Jovana Komazec is a molecular biologist specializing in the study of the genetic basis of rare and monogenic diseases. She graduated in Molecular Biology and Physiology from the Faculty of Biology, University of Belgrade, in 2012. She completed her PhD studies at the same institution in 2020, focusing her research on the molecular-genetic mechanisms of a specific form of diabetes known as Maturity-Onset Diabetes of the Young (MODY). During her doctoral research, she identified known pathogenic variants in relevant genes, discovered and functionally characterized novel variants, and investigated genotype–phenotype correlations.

Through continuous laboratory work and professional development, she has acquired strong skills in the application of molecular biology techniques, with particular expertise in next-generation sequencing on the Illumina platform. She applies these methods in both research and diagnostic settings, especially in the field of rare diseases.

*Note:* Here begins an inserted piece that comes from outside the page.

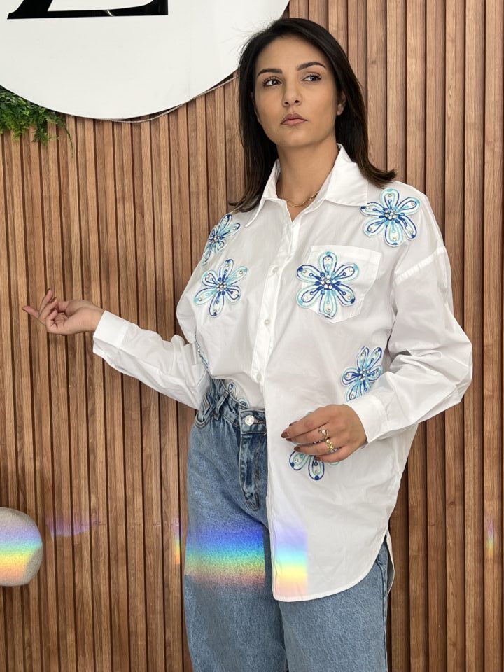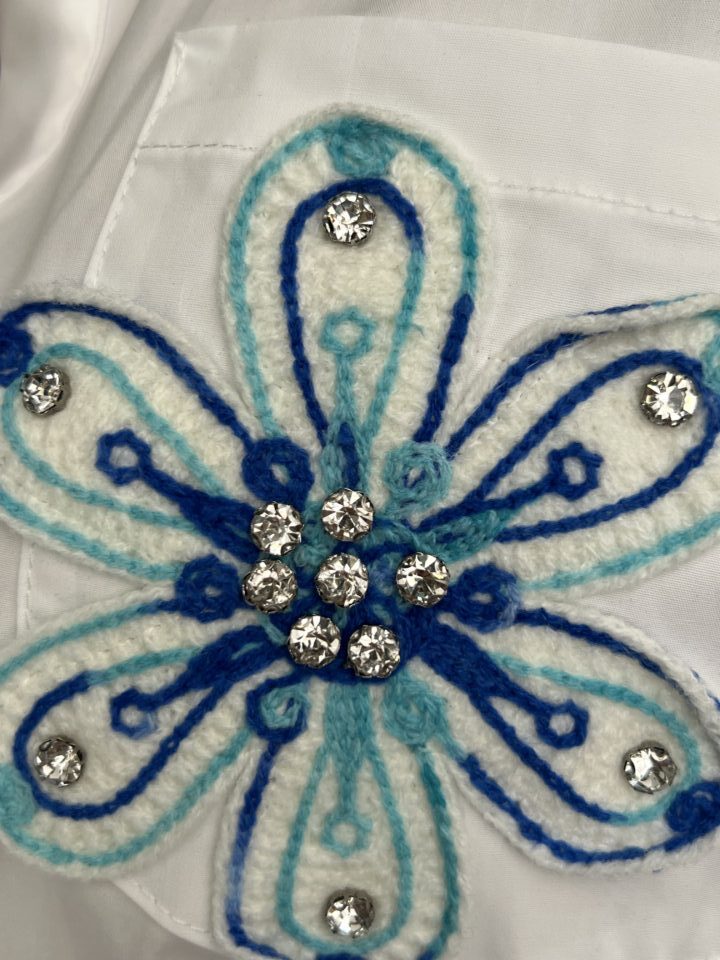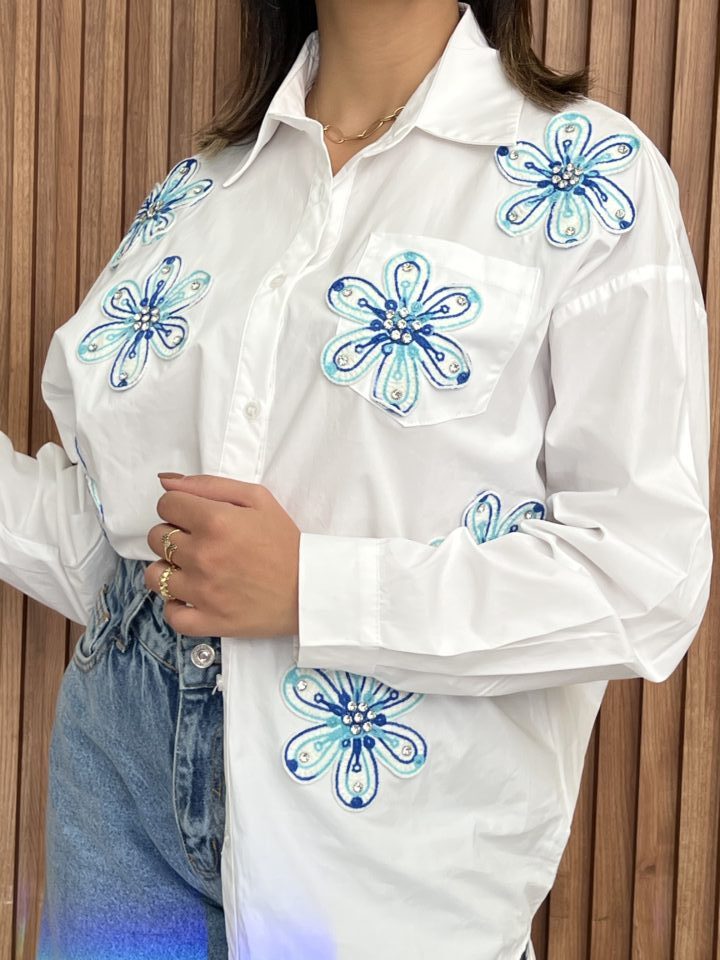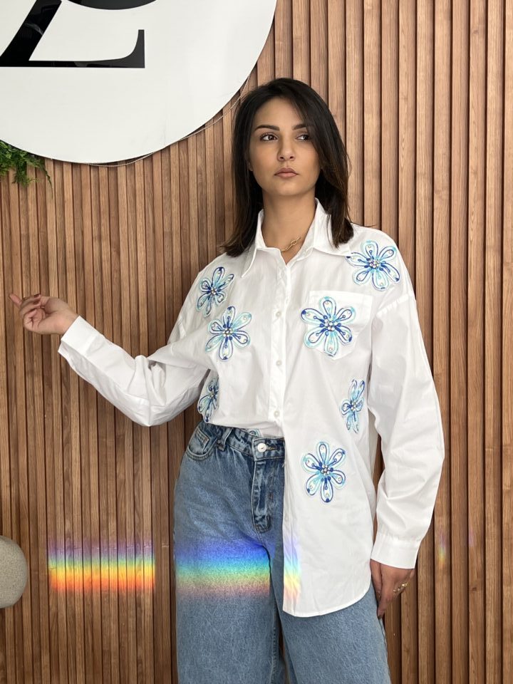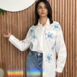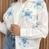 This crisp white cotton shirt is redefined by its stunning, intricate detailing, making it a true standout piece for any casual or dressy occasion..

She is currently involved in several projects: the national project GlucoAdjust, aimed at developing small-molecule drugs for the treatment of GSD Ib and type 2 diabetes by targeting the G6PT protein; the international project BETTER, which enables secure, GDPR-compliant, AI-driven analysis of healthcare data from multiple countries to advance personalized medicine; and the BRIDGING-RD project, focused on strengthening rare disease research through improved biobank interoperability, development of bioinformatics tools, and promotion of translational research for new therapies. As a member of multidisciplinary teams, she actively participates in experimental research and the development of biomedical research infrastructure. Her interests also include biobanking, with a focus on standardizing sample collection, improving data management, and increasing the interoperability of research resources.